With the pictures omitted, repeat exactly the lines below starting with the line that has "图 1 公司主要产品及应用" and going on through the line that has "eletrodos reutilizáveis, eletrodos".

Record excerpts: Begin

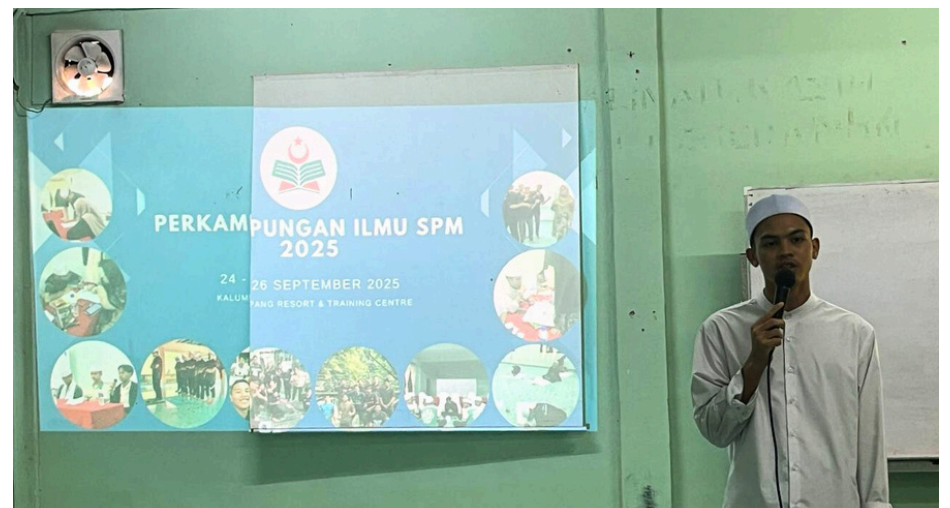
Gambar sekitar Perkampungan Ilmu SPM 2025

Record excerpts: End
Record excerpts: Begin

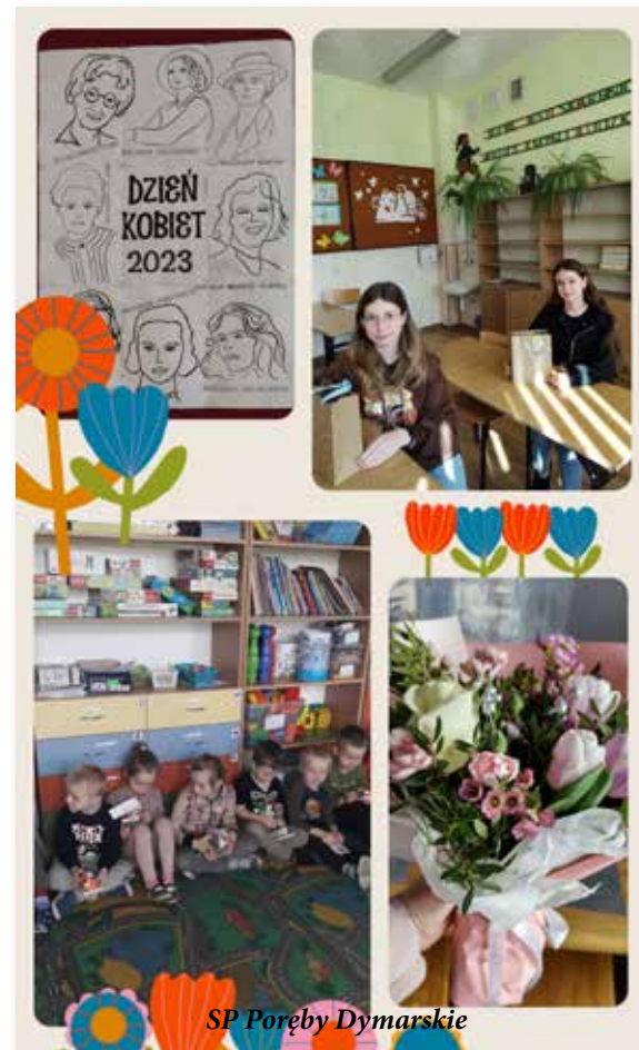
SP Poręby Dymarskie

Record excerpts: End
Record excerpts: Begin

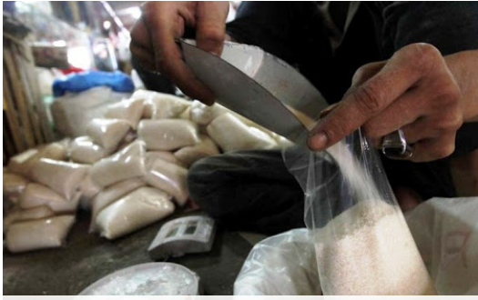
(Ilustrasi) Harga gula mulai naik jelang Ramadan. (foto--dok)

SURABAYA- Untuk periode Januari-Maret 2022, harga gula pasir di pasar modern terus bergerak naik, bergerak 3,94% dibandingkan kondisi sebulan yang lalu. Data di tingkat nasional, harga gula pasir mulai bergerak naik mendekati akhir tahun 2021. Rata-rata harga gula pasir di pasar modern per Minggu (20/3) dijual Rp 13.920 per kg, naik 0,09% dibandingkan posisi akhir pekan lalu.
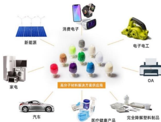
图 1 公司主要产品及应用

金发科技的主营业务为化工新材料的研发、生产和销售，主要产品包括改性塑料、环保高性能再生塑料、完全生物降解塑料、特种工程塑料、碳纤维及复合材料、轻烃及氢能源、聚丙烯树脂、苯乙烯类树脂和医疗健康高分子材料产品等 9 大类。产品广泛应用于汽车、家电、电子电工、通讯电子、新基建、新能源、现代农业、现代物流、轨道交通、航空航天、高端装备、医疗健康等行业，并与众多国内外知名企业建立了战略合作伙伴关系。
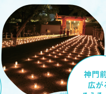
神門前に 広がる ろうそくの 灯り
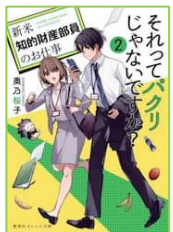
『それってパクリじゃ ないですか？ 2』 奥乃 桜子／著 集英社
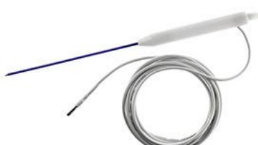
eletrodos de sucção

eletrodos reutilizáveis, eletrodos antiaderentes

Record excerpts: End

Solution:
图 1 公司主要产品及应用

金发科技的主营业务为化工新材料的研发、生产和销售，主要产品包括改性塑料、环保高性能再生塑料、完全生物降解塑料、特种工程塑料、碳纤维及复合材料、轻烃及氢能源、聚丙烯树脂、苯乙烯类树脂和医疗健康高分子材料产品等 9 大类。产品广泛应用于汽车、家电、电子电工、通讯电子、新基建、新能源、现代农业、现代物流、轨道交通、航空航天、高端装备、医疗健康等行业，并与众多国内外知名企业建立了战略合作伙伴关系。
神門前に 広がる ろうそくの 灯り
『それってパクリじゃ ないですか？ 2』 奥乃 桜子／著 集英社
eletrodos de sucção

eletrodos reutilizáveis, eletrodos antiaderentes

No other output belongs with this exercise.